„Marketing war bislang keine Paradedisziplin des Mittelstandes“
Interview mit Stefan Hentschel und Klaas Flechsig, Google Deutschland
Wirtschaftsforum: Herr Hentschel und Herr Flechsig, im Jahr 2014 haben Sie Ihre Initiative „Weltweit wachsen“ gestartet, die sich speziell an den deutschen Mittelstand richtet. Auch vor der eindrucksvollen Zuhörerschaft der großen Weltmarktführer in Deutschland haben Sie bereits dafür geworben. Worum geht es bei Ihrer Initiative?
Stefan Hentschel: Mit unserer Initiative „Weltweit wachsen“ richten wir uns erstens an sehr stark exportorientierte Unternehmen, die den digitalen Vertriebsweg bereits zusätzlich zum klassischen Vertriebsweg nutzen. Die das Medium „digital“ bereits als Chance für sich begreifen, um weiter zu expandieren und ihr Geschäft auszuweiten. Zweitens sprechen wir viele kleine mittelständische Betriebe an, die gerade erst anfangen, ihr Exportgeschäft aufzubauen.
Wirtschaftsforum: Wie bringen Sie denn interessierten Mittelständlern den digitalen Vertriebsweg nahe?
Stefann Hentschel: Wir sprechen mit Führungskräften und Unternehmensinhabern über die Potenziale ihrer Firmen im Ausland. Nehmen wir als Beispiel einen großen Anbieter von Wägesystemen in der Schweiz, der begonnen hat, den klassischen Vertrieb mit dem digitalen Vertriebsweg zu „befruchten“. Die Unternehmensführung hat sich gefragt, welches Potenzial sie mit ihren Produkten in einem Land wie Mexiko hat.
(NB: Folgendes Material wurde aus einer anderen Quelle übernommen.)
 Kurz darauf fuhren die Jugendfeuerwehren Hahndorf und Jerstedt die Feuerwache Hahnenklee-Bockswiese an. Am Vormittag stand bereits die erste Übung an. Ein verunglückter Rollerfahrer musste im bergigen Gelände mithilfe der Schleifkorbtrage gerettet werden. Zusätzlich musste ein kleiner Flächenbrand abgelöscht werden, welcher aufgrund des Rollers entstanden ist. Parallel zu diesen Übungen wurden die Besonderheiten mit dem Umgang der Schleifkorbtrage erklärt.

Auf den digitalen Vertriebsweg bezogen, kam dann die Frage auf: Mit welchen Begriffen und Keywords sucht eigentlich eine potenzielle Zielgruppe in Mexiko nach unseren Produkten?“ Nachdem das Potenzial digital ermittelt worden war, kam die klassische Sales Force ins Spiel. Für Unternehmen, die solche zusätzlichen Potenziale generieren, bieten wir sehr viel Knowhow, was die digitalen Tools anbelangt.
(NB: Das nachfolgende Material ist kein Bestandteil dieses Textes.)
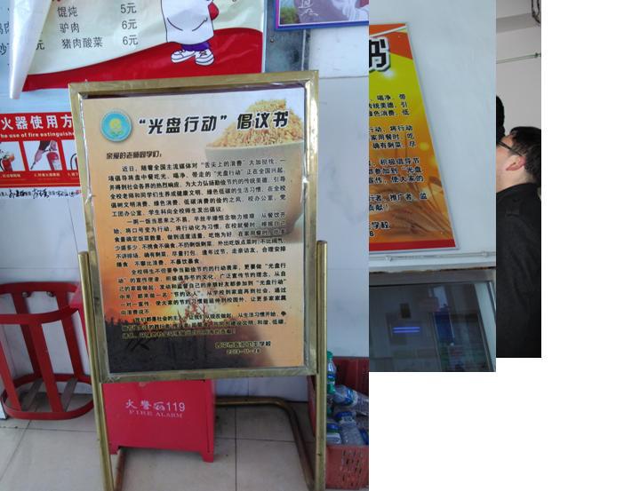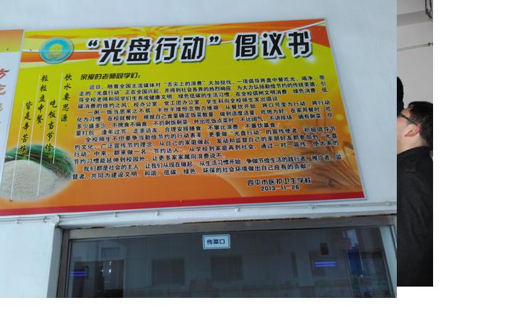 這幾天四平市醫護衛生學校餐廳多了幾塊KT板,除了餐廳的整體形象增色不少外,更是悄悄的改變了學生們的就餐習慣。大家都暗暗的在心里“較勁、攀比”,看誰吃的最干凈。大改從前打飯時多多益善,吃不了時統統倒掉的“瀟灑”行為。原來這都得益于由學校多部門組織的《光盤行動倡議書》。據食堂管理員李老師說,這幾天孩子們的浪費現象明顯改善,原來一頓飯要倒掉兩三百斤的飯菜,現在一天下來也收不了幾斤,就連收該水桶的大爺都不愿意來了。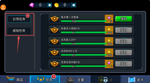 2、完成日常与成就任务是获取资源的好方法,你可以去任务界面,比如选择“日常任务”,完成登录、闯关或击杀等目标。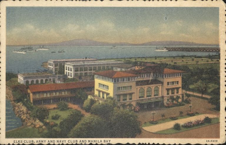 Subject: Looking down on Elks Club and Army and Navy Club in foreground, built on reclaimed land near Luneta; ships and pier in Manila Bay.

Wirtschaftsforum: Wie die Plattform „Weltweit wachsen“.
Klaas Flechsig: Genau. Auf www.weltweitwachsen.de gibt es eine Suchmaske, in der die Produkte eingegeben werden können. Anschließend wird das Potenzial für wichtige Exportmärkte ermittelt.
Wirtschaftsforum: Ist diese Initiative mit Kosten verbunden?
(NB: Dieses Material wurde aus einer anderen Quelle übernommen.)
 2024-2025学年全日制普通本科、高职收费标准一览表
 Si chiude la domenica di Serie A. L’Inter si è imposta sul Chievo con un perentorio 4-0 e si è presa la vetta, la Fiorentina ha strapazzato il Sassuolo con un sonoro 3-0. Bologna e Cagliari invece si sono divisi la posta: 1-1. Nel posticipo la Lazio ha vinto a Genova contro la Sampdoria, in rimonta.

Stefan Hentschel: Nein, diese Plattform ist kostenlos. Damit sollen Unternehmen erst einmal für das Thema „Digital“ sensibilisiert werden. Meine Erfahrung zeigt: Viele von ihnen haben noch gar nicht ihre Potenziale in der digitalen Welt ausgelotet.
Wirtschaftsforum: Ein Unternehmer gibt also sein Produkt ein – welchen unmittelbaren Erfolg hat er dann?
Stefan Hentschel: Der Holzbildhauer Gerd Schmieder und seinen Schwarzwalduhren ist ein schönes Beispiel hierfür: Ein kleiner Mittelständler findet in Deutschland einen gesättigten Markt vor. Er fragt sich, wie er seine Uhren weltweit vertreiben kann. Nach Eingabe des Begriffs „Kuckucksuhren“ ermittelt er über unsere Plattform ein Exportmarkt-Potenzial für Singapur. Damit ist es ihm gelungen, nicht nur eine Kampagne in Singapur zu entwickeln, sondern auch Geschäftskontakte anzubahnen – etwa für neue Importeure, die seine Kuckucksuhren importieren und an andere Kunden weiterverkaufen.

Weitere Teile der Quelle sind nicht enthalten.